▶ SOURCE DATA:
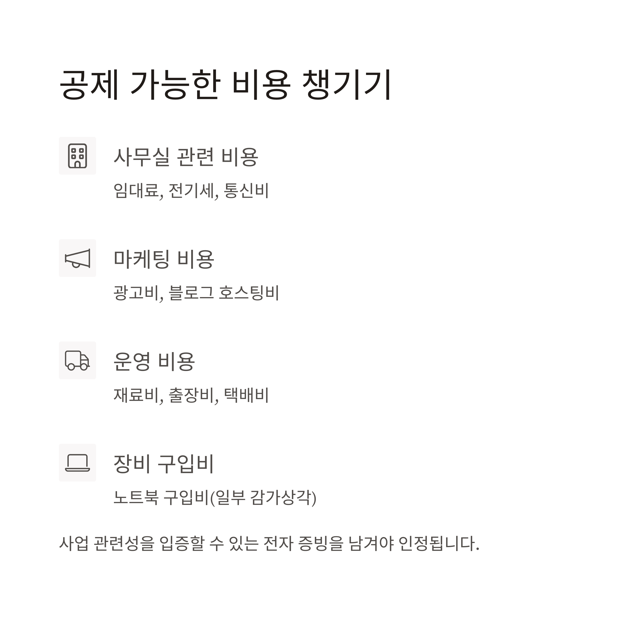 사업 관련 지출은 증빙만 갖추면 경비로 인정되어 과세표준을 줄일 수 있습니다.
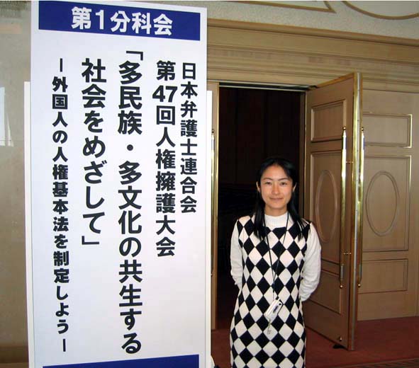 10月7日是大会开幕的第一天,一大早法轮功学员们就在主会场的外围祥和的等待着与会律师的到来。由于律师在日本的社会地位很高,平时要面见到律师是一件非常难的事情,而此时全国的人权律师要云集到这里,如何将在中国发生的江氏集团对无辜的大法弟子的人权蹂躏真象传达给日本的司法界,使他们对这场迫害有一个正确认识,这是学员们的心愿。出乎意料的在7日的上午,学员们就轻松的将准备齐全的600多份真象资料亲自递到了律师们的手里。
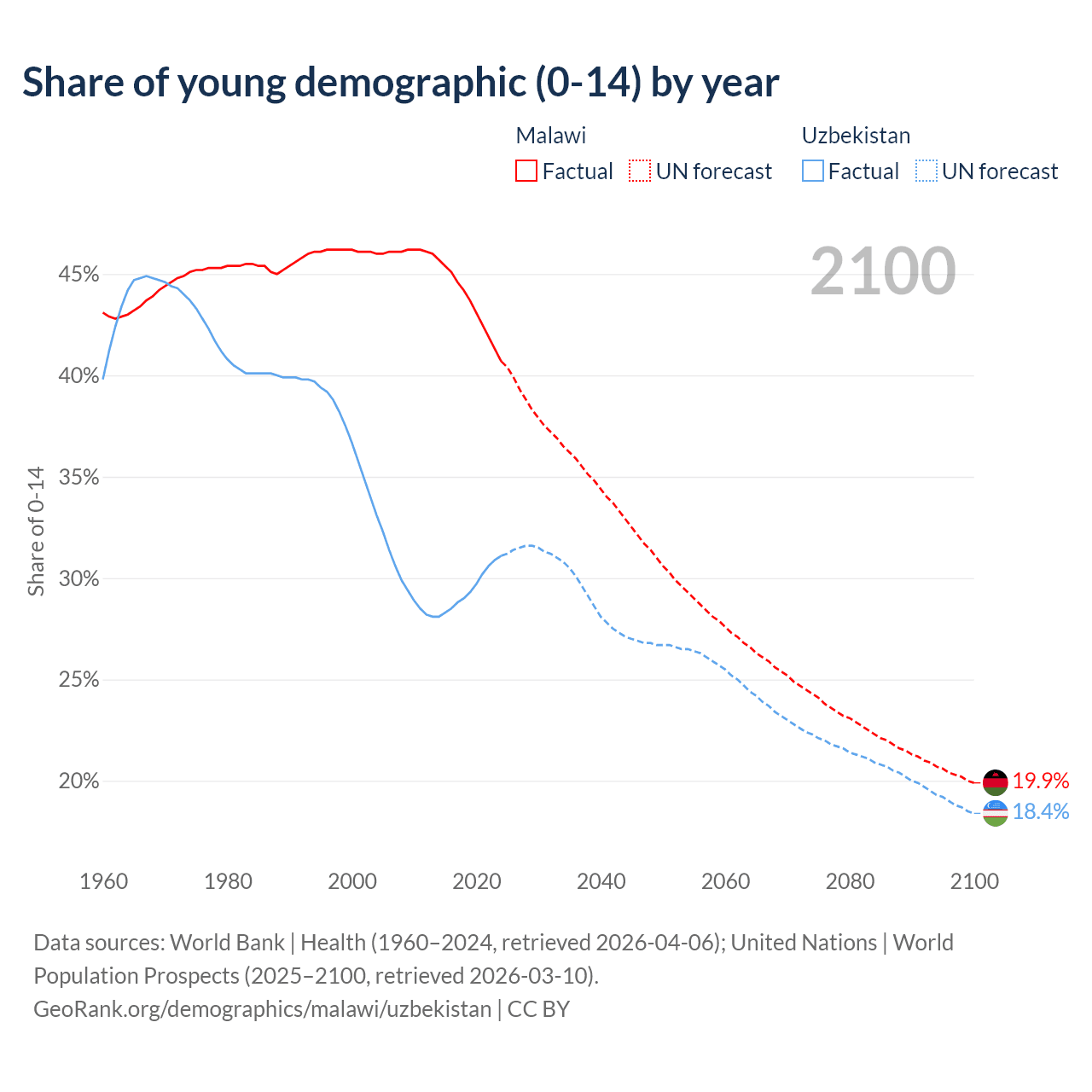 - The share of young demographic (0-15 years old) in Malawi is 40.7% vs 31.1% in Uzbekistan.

▶ TASK STATEMENT:
Restate word for word the lines from the one with "10月7日是大会开幕的第一天" to the end of the material, both included. Do not include the pictures.

▶ EXERCISE RESULT:
 10月7日是大会开幕的第一天,一大早法轮功学员们就在主会场的外围祥和的等待着与会律师的到来。由于律师在日本的社会地位很高,平时要面见到律师是一件非常难的事情,而此时全国的人权律师要云集到这里,如何将在中国发生的江氏集团对无辜的大法弟子的人权蹂躏真象传达给日本的司法界,使他们对这场迫害有一个正确认识,这是学员们的心愿。出乎意料的在7日的上午,学员们就轻松的将准备齐全的600多份真象资料亲自递到了律师们的手里。
 - The share of young demographic (0-15 years old) in Malawi is 40.7% vs 31.1% in Uzbekistan.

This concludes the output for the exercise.